Do you ever talk to me about these things, to try?'
'But it's not that that matters to you, mother, you know it's not.'
'What is it, then - what is it, then, that matters to me?' she flashed.
He knitted his brows with pain.
'You're old, mother, and we're young.'
He only meant that the interests of her age were not the interests of his. But he realised
the moment he had spoken that he had said the wrong thing.
'Yes, I know it well- I am old. And therefore I may stand aside; I have nothing more to do
with you. You only want me to wait on you -the rest is for Miriam.'
He could not bear it. Instinctively he realised that he was life to her. And, after all, she was
the chief thing to him, the only supreme thing.
'You know it isn't, mother, you know it isn't!'
She was moved to pity by his cry.
'It looks a great deal like it,' she said, half putting aside her despair.
'No, mother- I really don't love her. I talk to her, but I want to come home to you.'
He had taken off his collar and tie, and rose, bare-throated, to go to bed. As he stooped to
kiss his mother, she threw her arms round his neck, hid her face on his shoulder, and
cried, in a whimpering¹² voice, so unlike her own that he writhed in agony:
'I can't bear it. I could let another woman- but not her. She'd leave me no room, not a bit of
room -'
And immediately he hated Miriam bitterly.
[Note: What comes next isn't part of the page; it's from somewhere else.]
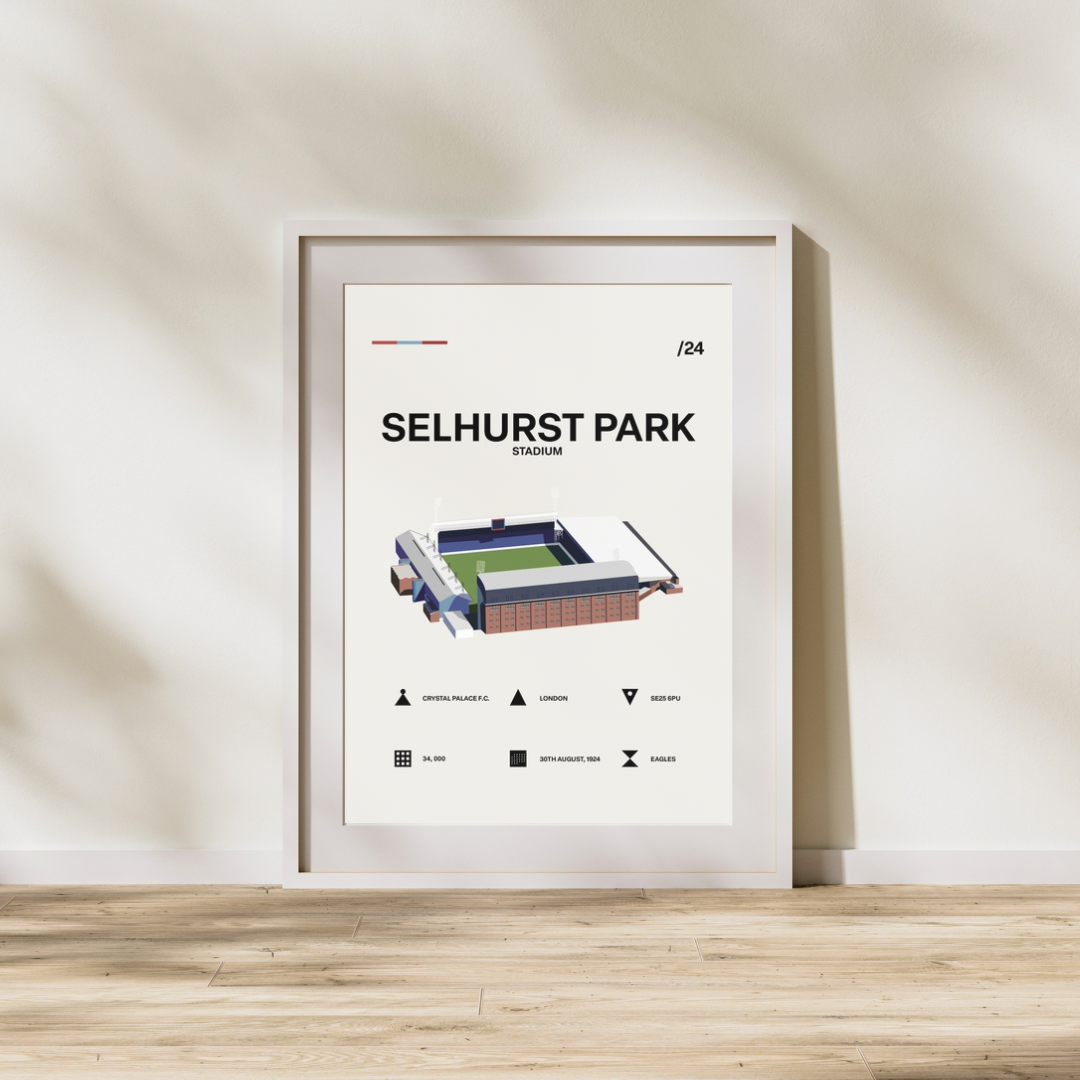 Capture the essence of Crystal Palace´s iconic Selhurst Park Stadium with this art print. Featuring clean lines and a modern design, this poster is perfect for any Crystal Palace FC fan or football enthusiast looking to add a touch of elegance to their space.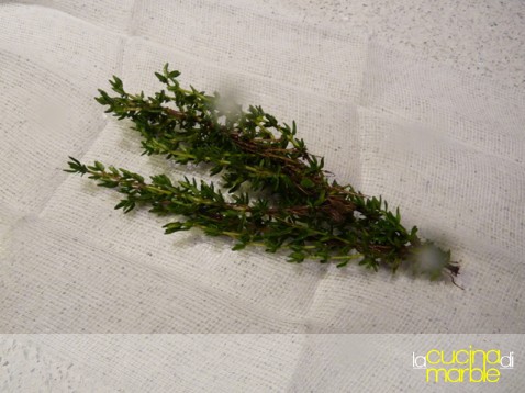un bouquet di erbe medio: 4 rametti di prezzemolo, ½ foglia di alloro (io ne ho messe 3, mi piace!), un cucchiaino di foglie di timo

'And I've never- you know, Paul- I've never had a husband- not really-' He stroked his
mother's hair, and his mouth was on her throat.
'And she exults so in taking you from me- she's not like ordinary girls.'
'Well, I don't love her, mother,' he murmured, bowing his head and hiding his eyes on her
shoulder in misery. His mother kissed him a long, fervent kiss.
'My boy!' she said, in a voice trembling with passionate love. Without knowing, he gently
stroked her face.
'There,' said his mother, 'now go to bed. You'll be so tired in the morning.'
As she was speaking she heard her husband coming. 'There's your father now go'.